What struck me right away was the picture they had illustrating the word "gangway." It's very striking and the cats are beautiful, of course. But I doubt that there were just this many purely black cats hanging out together. I think there was a wrangler involved. Not a superstitious one, obbiously'

Wednesday, May 7, 2025

The ground under our feet

There's a certain class of Wikipedia edit I used to make. I don't anymore. I still remember how to log in, and I still make some edits, but smaller ones.

What I used to do was find an article that had been flagged for not having any sources. Then I'd find some official sources and include them in the article's bibliography. It's not really doable anymore.

Until fairly recently you could freely surf the websites of most magazines and newspapers. They might try to coax you to subscribe by offering some kind of premium content.
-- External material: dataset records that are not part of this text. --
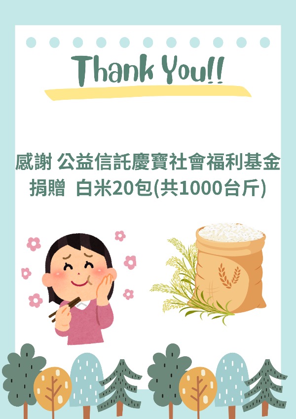 感謝 公益信託慶寶社會福利基金 捐贈白米20包 (共1000台斤)#慶寶公益信託及白米日用品捐贈
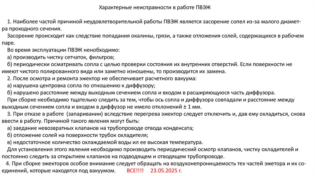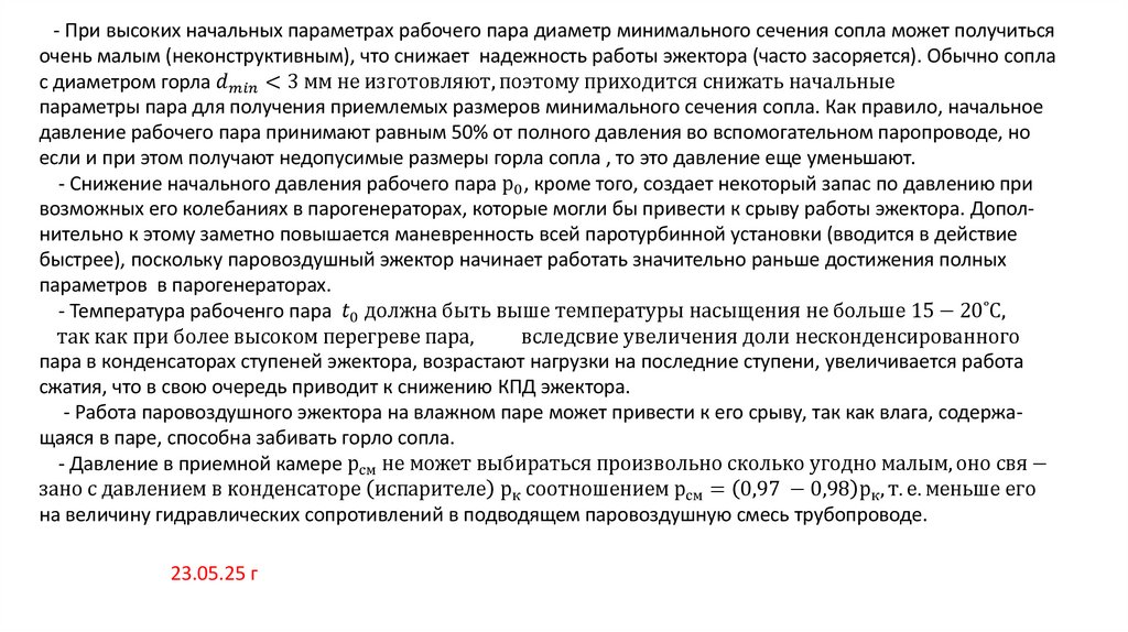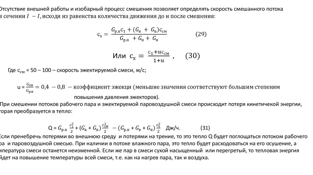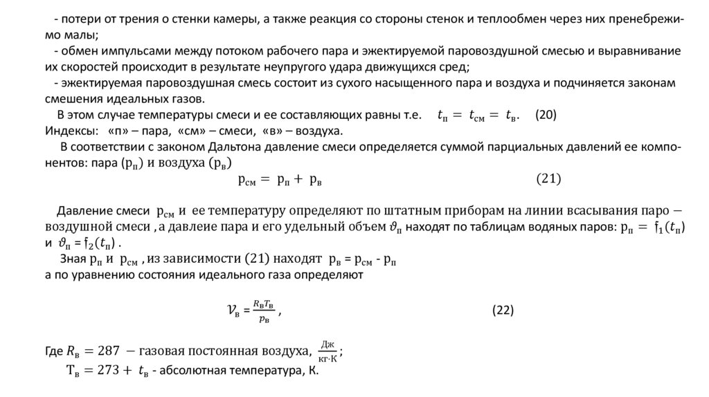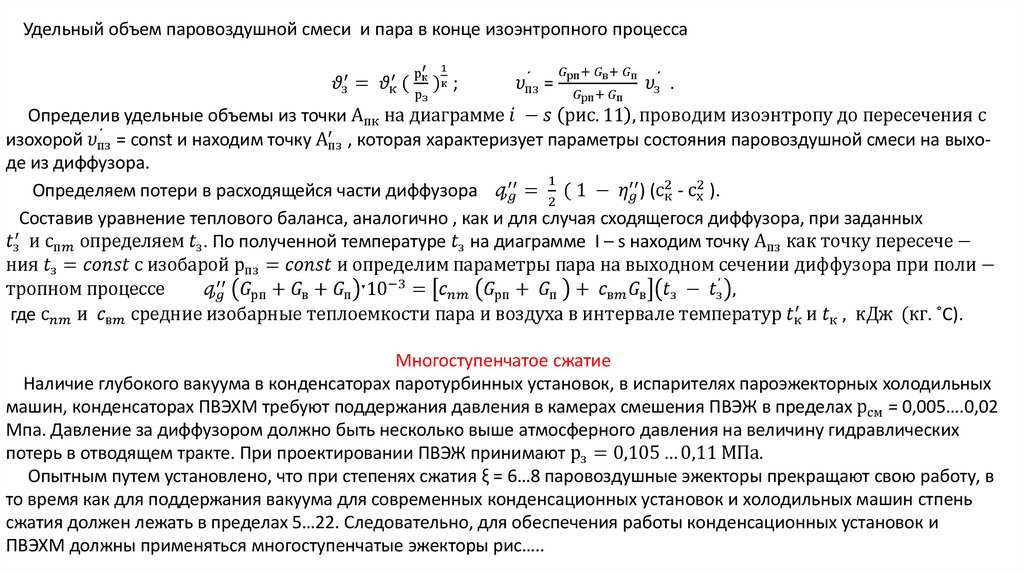 Рабочие процессы в паровоздушных эжекторах
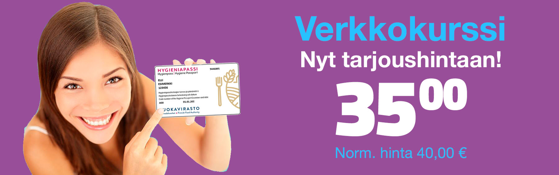Maksat vain kurssimaksun ja pääset opiskeleman loput kuusi oppijaksoa. Kun olet suorittanut verkkokurssin, osallistut viralliseen hygieniapassitestiin. Kurssimaksuun sisältyy testijärjestely mahdollisuuksien mukaan paikkakunnallasi.
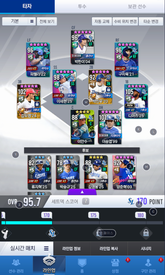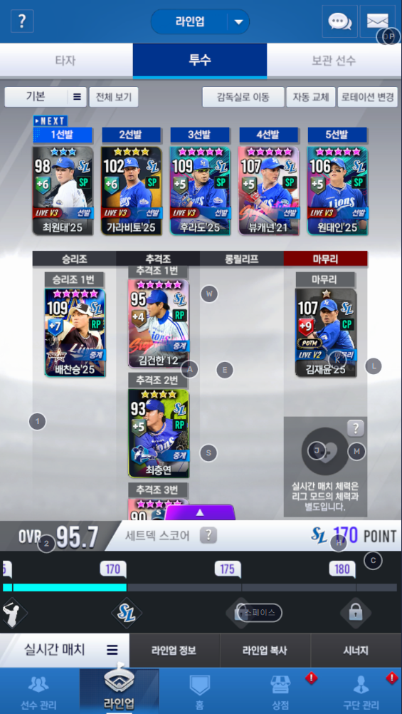 4.마무리 여사 오승환 있는데 세트덱 스코어 때문에 25김재윤 넣는건 오바인가요? 여사오승환 넣으면 세트덱 스코어가 1.3 정도 떨어지더라구요
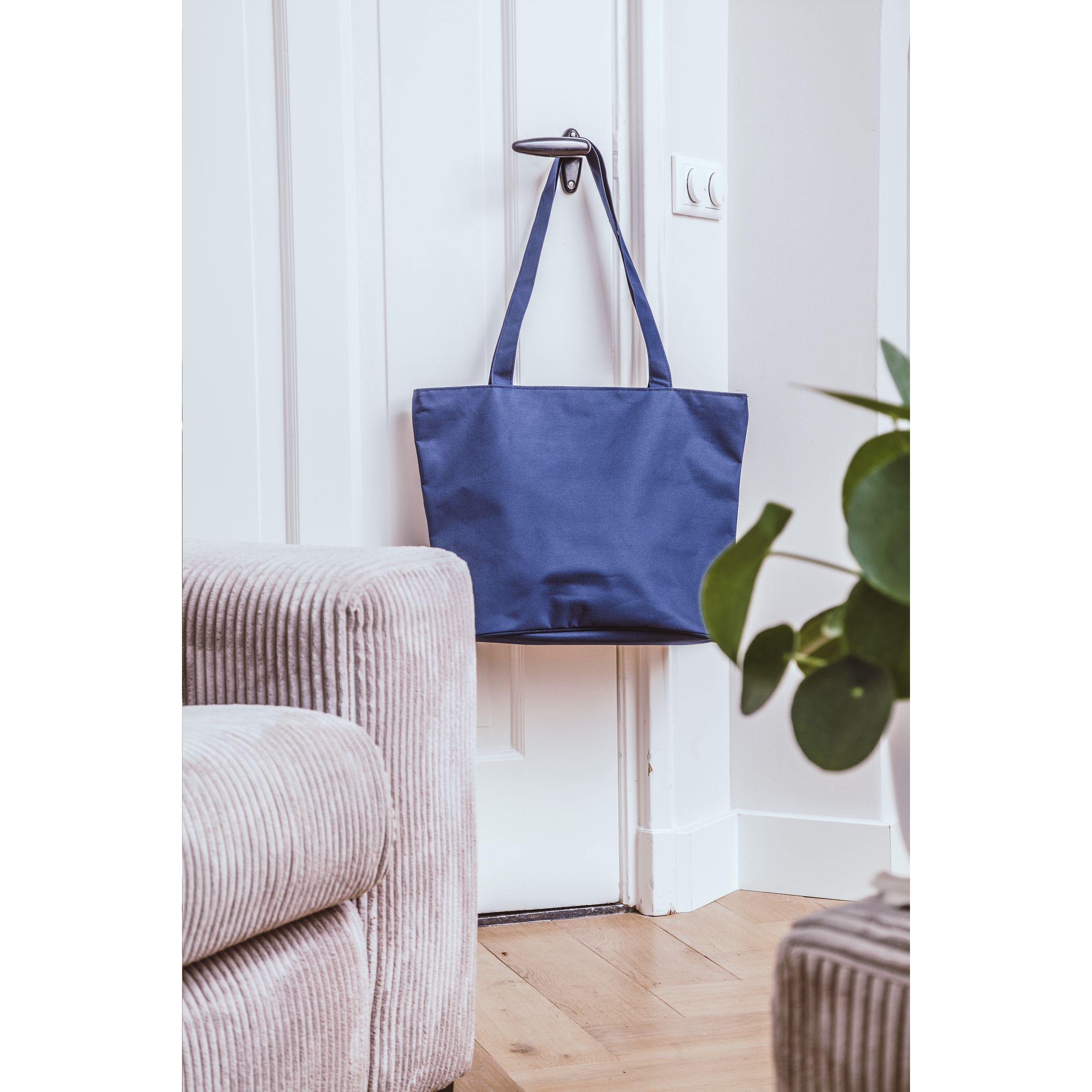 Schöne, robuste Tasche aus 600D-Polyester mit verstärkter Innenseite, langen Henkeln, Reißverschluss und Aufbewahrungsfach mit Reißverschluss. Der breite Boden ist außen schön und stramm mit einem runden Zierstreifen veredelt. Multifunktional einsetzbar als Shopper, Einkaufstasche und Strandtasche.

Or they might have a limited number of articles you could read in a month, and once you had used them up you had to wait for a new month to begin. But increasingly we're in the "no freebies means no freebies" era. Everything is paywalled. 

You could say that this kind of crackdown was always inevitable. That publishers have to make money. You'd have a point. But some things rankle. For one thing this comes after years of online readers tolerating oftentimes intrusive ads. Also, are the revenues being used to pay writers and bring in more and better journalism? Doesn't seem like it. 

For better or worse the infrastructure of the internet was based on certain things being promised. Now they are quickly being unpromised.